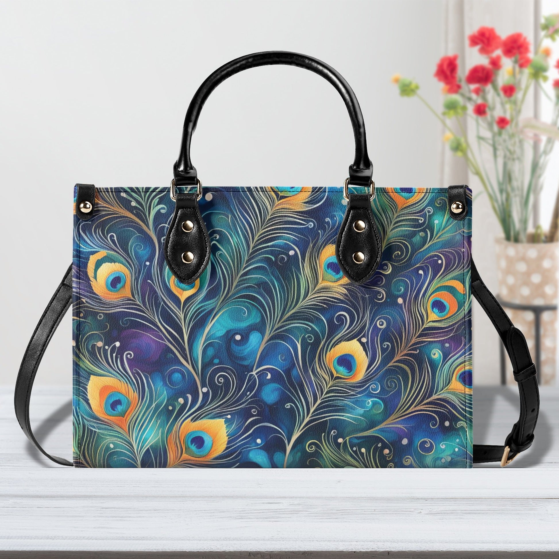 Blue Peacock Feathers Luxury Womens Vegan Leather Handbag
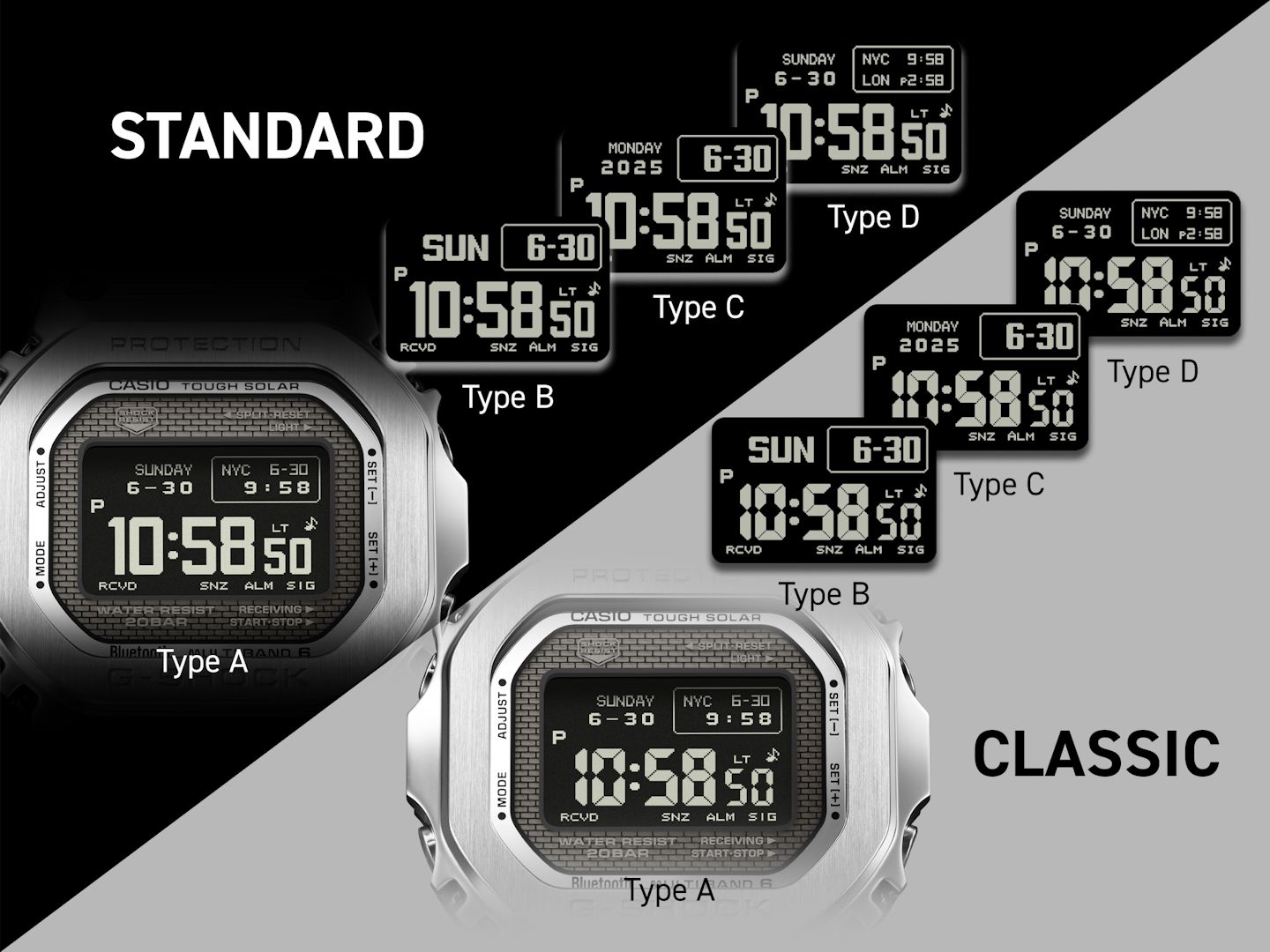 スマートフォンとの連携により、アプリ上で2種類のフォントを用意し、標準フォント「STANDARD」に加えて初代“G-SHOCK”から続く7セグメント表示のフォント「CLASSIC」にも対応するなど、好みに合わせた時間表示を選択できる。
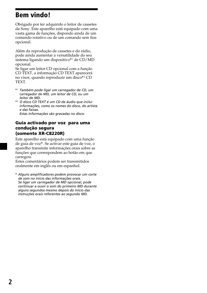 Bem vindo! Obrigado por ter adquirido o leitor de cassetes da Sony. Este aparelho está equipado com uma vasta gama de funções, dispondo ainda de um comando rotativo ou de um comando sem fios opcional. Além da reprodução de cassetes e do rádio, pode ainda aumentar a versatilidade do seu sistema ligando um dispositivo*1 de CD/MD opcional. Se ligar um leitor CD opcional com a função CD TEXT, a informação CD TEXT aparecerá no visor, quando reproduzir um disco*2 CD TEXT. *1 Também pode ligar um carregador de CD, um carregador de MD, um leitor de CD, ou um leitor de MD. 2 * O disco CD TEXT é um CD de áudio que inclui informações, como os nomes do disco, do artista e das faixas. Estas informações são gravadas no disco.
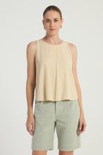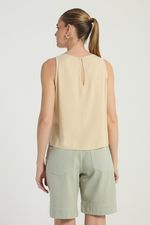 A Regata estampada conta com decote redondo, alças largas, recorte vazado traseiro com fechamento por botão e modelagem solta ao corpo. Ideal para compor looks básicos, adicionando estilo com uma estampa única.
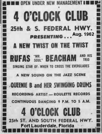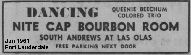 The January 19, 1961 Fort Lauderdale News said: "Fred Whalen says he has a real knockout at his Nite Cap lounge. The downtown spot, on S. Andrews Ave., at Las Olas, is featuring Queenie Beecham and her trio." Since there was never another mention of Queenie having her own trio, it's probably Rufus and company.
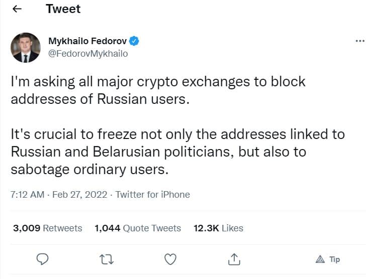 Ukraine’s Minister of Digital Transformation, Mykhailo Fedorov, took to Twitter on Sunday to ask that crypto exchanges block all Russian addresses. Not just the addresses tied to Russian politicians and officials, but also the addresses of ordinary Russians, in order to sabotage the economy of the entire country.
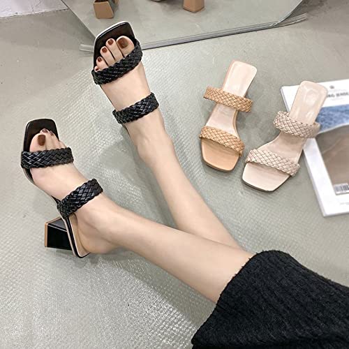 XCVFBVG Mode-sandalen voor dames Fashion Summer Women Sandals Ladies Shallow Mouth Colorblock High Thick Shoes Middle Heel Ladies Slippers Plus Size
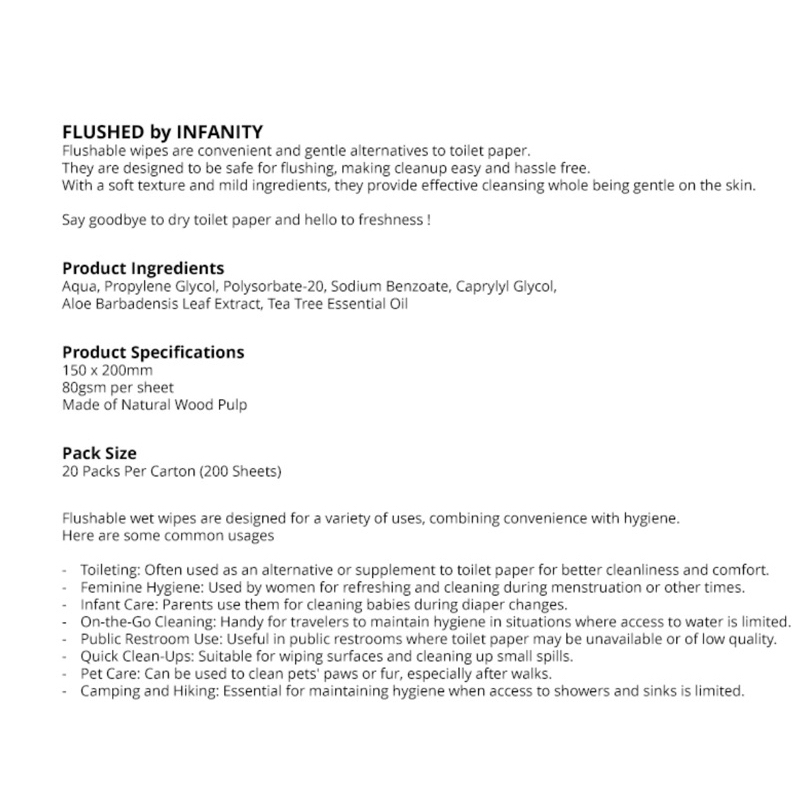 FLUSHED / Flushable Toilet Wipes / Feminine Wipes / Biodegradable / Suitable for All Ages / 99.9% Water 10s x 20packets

---+---

● Exercise brief
Pictures excluded, repeat exactly the lines from the top of the material through the line with "A Regata estampada", including both of those lines.

● Task output
 Blue Peacock Feathers Luxury Womens Vegan Leather Handbag
 スマートフォンとの連携により、アプリ上で2種類のフォントを用意し、標準フォント「STANDARD」に加えて初代“G-SHOCK”から続く7セグメント表示のフォント「CLASSIC」にも対応するなど、好みに合わせた時間表示を選択できる。
 Bem vindo! Obrigado por ter adquirido o leitor de cassetes da Sony. Este aparelho está equipado com uma vasta gama de funções, dispondo ainda de um comando rotativo ou de um comando sem fios opcional. Além da reprodução de cassetes e do rádio, pode ainda aumentar a versatilidade do seu sistema ligando um dispositivo*1 de CD/MD opcional. Se ligar um leitor CD opcional com a função CD TEXT, a informação CD TEXT aparecerá no visor, quando reproduzir um disco*2 CD TEXT. *1 Também pode ligar um carregador de CD, um carregador de MD, um leitor de CD, ou um leitor de MD. 2 * O disco CD TEXT é um CD de áudio que inclui informações, como os nomes do disco, do artista e das faixas. Estas informações são gravadas no disco.
 A Regata estampada conta com decote redondo, alças largas, recorte vazado traseiro com fechamento por botão e modelagem solta ao corpo. Ideal para compor looks básicos, adicionando estilo com uma estampa única.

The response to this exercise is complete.